На глаза попалась идеально круглая поляна, полная перезрелой, обкаленной снегом голубики; листья голубики, похожие на летящие капли, были красны – настолько красны на чистом снегу, что даже глаза резали. Косых нагнулся, взял несколько ягодин в щепоть, съел – голубика оказалась приторно-сладкой, слюна от нее сразу сделалась густой и тягучей, как от варенья, а когда сплюнул, увидел, что она дегтярного цвета. Неподалеку призывно синели горошины спелой шиксы – ягоды, которая, когда возьмешь ее в рот, кажется сладкой, а раздавишь языком – жгуче-горькой. Косых поддел кустик шиксы сапогом, синие горошины попадали в снег.
Вернувшись в деревню, загнал машину под навес и, прихватив с собой мелкашку, вошел в дом. Там уже плескался у рукомойника помбур Поликашин.
– Завтракать пойдем? – с порога весело закричал Косых.
«Не пьян, но в настроении», – определил Поликашин.
– М-м-угу, – промычал он.
– Намного ввинтились в землю за ночь? Не знаешь? – спросил Косых.
Поликашин, худенький пожилой человек, прополоскал рот и выпрямился. На мохнатых бровях его блестела вода, щеки голубели после бритья.

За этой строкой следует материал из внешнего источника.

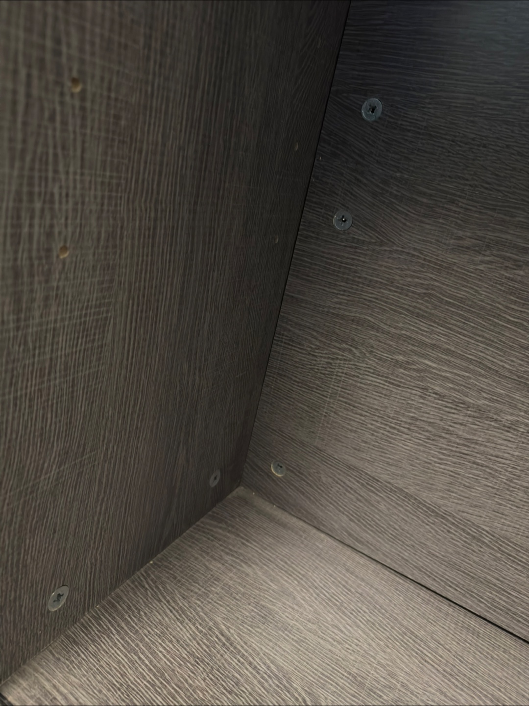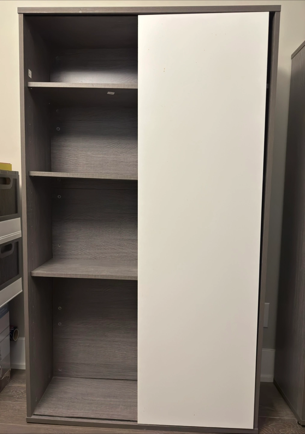 Original from Costco. with a sliding door, perfect for extra storage or as a Bookshelf. It's in great shape and has a nice grey and white finish
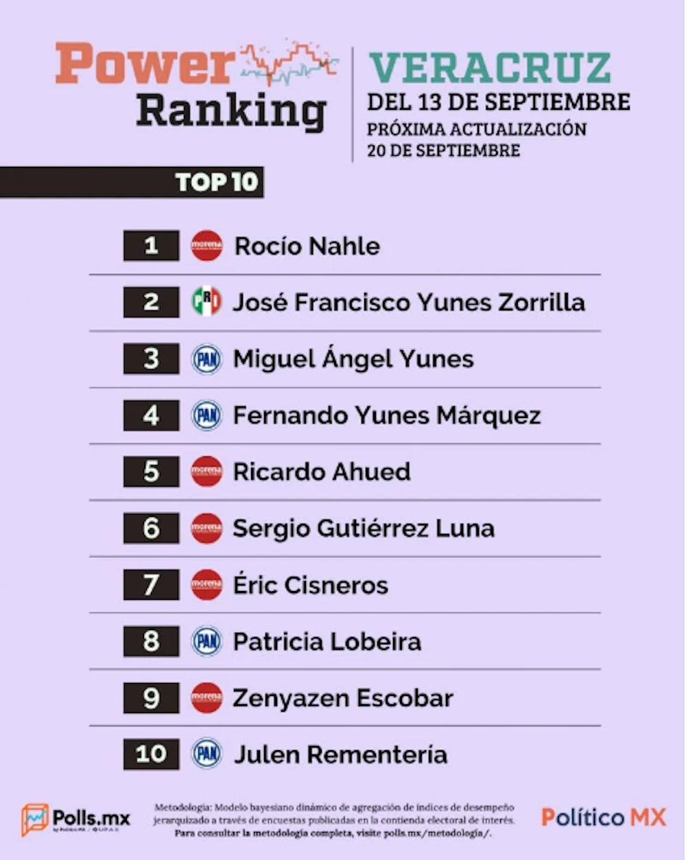 El Power Ranking de Veracruz de Polls MX, presentado semanalmente, NO es una encuesta. Es un modelo que jerarquiza la fuerza política de los aspirantes a la gubernatura en las elecciones 2024 tomando en cuenta careos públicos e hipotéticos entre rivales de diferentes partidos, así como la relevancia mediática y conversacional de las casas encuestadoras. La próxima actualización del Power Ranking de Veracruz se publicará el 20 de septiembre de 2023.

– Что-то голос у тебя звонкий. Как у пионера.
– Есть причина. Так намного?
– Ненамного. Если до Америки бурить, то еще далеко. Инструмент поднимать пришлось, сработанное долото меняли… Так, считай, вся смена на долото и ушла.
– Не горюй, Поликашин. Главное – не дрейфить, прорвемся. А я вот копалуху бабе на рагу подстрелил, – похвастал Косых небрежно, – пусть соседей поудивляет.
– Ишь ты, – вдруг ехидно произнес Поликашин, – на беззащитную птицу ходить до зубов вооруженным! Да еще на машине… Дать тебе лук в руки и стрелы, как в древние времена, вот и иди добывай копалух на рагу. Посмотрел бы я тогда.
– Ты что, не с той ноги встал? – удивился Косых. – Все стреляют, и я стараюсь.
– С той, – буркнул Поликашин. Он подошел к скамейке, на которой, свесив крыло, лежала убитая копалуха. Поликашин приподнял ее за крыло, подержал на весу, словно обдумывая что-то. – Знаешь хоть, кого ухлопал? – Он опустил копалуху на лавку, осторожно подложил под птичью тушку меченое крыло. – Ты же Катьку застрелил.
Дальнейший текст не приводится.